In sharp contrast to this usage the term “Negro” in Africa has been more and more restricted until some scientists, late in the last century, declared that the great mass of the black and brown people of Africa were not Negroes at all, and that the “real” Negro dwells in a small space between the Niger and the Senegal. Ratzel says, “If we ask what justifies so narrow a limitation, we find that the hideous Negro type, which the fancy of observers once saw all over Africa, but which, as Livingstone says, is really to be seen only as a sign in front of tobacco shops, has on closer inspection evaporated from all parts of Africa, to settle no one knows how in just this region.
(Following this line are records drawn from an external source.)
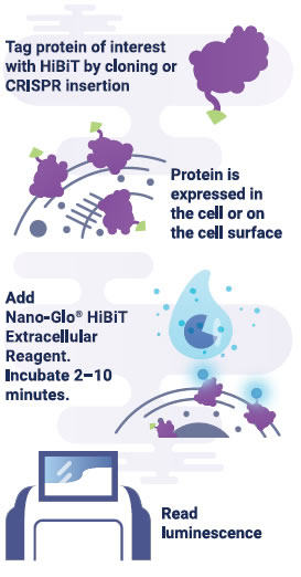 | Nano-Glo® HiBiT 胞外检测系统可定量细胞表面和细胞外分泌的蛋白表达, 仅需“ 加样- 混合- 检测”的简单操作,即可在几分钟内完成定量。任何与HiBiT 标签融合表达在胞外的蛋白,都可使用非裂解性Nano-Glo® HiBiT 胞外检测试剂进行检测。 |
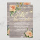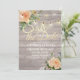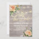 Enregistrer la date Faire-part de mariage Modèles - Faux Gold Foil Script avec Peach White Roses Floral et String Lights sur Arrière - plan de bois rustique. Un Design Parfait Pour Votre Grand Jour ! Tous Les Style De Texte, Couleurs, Tailles Peuvent Être Modifiés En Fonction De Vos Besoins.
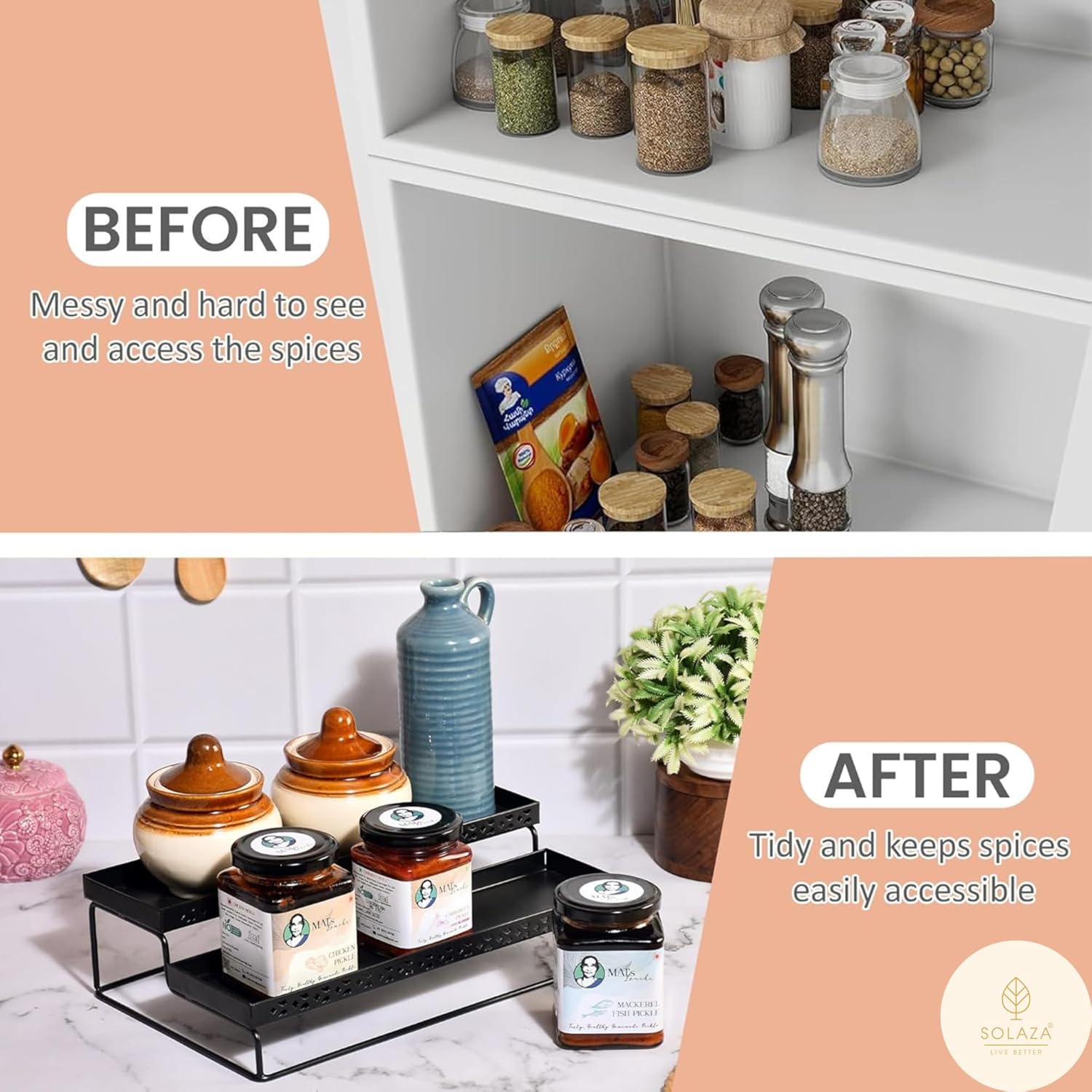 Multi-tiered shelf organizer allows for flexible storage space and easy access to items at different heights. Place your jars, bottle, cans, cosmetics with ease.
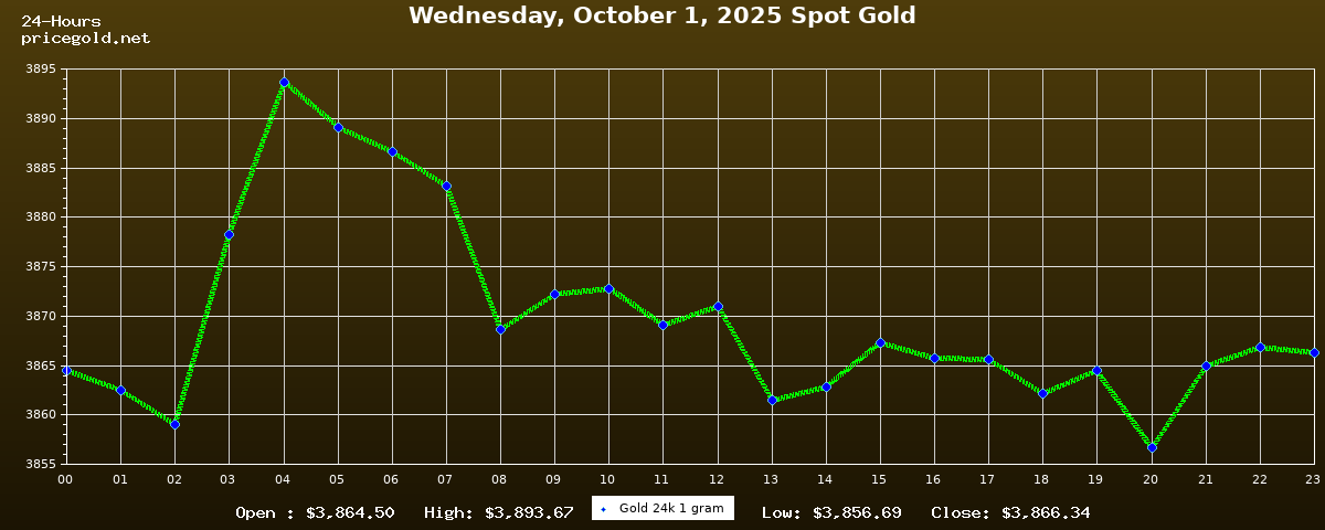 في يوم الأربعاء، ١ أكتوبر ٢٠٢٥ بلغ سعر الذهب للأوقية (الأونصة) الواحدة $3,866.34. وبلغ سعر الجرام الذهب الواحد $124.31. وقد وصل أعلى سعر للذهب في هذا اليوم $3,893.67، بينما كان أدنى سعر $3,856.69.

If we understand that an extreme case may have been taken for the genuine and pure form, even so we do not comprehend the ground of its geographical limitation and location; for wherever dark, woolly-haired men dwell, this ugly type also crops up. We are here in the presence of a refinement of science which to an unprejudiced eye will hardly hold water."[67]
In this restricted sense the Negro has no history, culture, or ability, for the simple fact that such human beings as have history and evidence culture and ability are not Negroes! Between these two extreme definitions, with unconscious adroitness, the most extraordinary and contradictory conclusions have been reached.
Let it therefore be said, once for all, that racial inferiority is not the cause of anti-Negro prejudice. Boaz, the anthropologist, says, “An unbiased estimate of the anthropological evidence so far brought forward does not permit us to countenance the belief in a racial inferiority which would unfit an individual of the Negro race to take his part in modern civilization. We do not know of any demand made on the human body or mind in modern life that anatomical or ethnological evidence would prove to be beyond the powers of the Negro."[68]
“We have every reason to suppose that all races are capable, under proper guidance, of being fitted into the complex scheme of our modern civilization, and the policy of artificially excluding them from its benefits is as unjustifiable scientifically as it is ethically abhorrent."[69] What is, then, this so-called “instinctive” modern prejudice against black folk?
Lord Bryce says of the intermingling of blacks and whites in South America, “The ease with which the Spaniards have intermingled by marriage with the Indian tribes—and the Portuguese have done the like, not only with the Indians, but with the more physically dissimilar Negroes—shows that race repugnance is no such constant and permanent factor in human affairs as members of the Teutonic peoples are apt to assume. Instead of being, as we Teutons suppose, the rule in the matter, we are rather the exception, for in the ancient world there seems to have been little race repulsion.”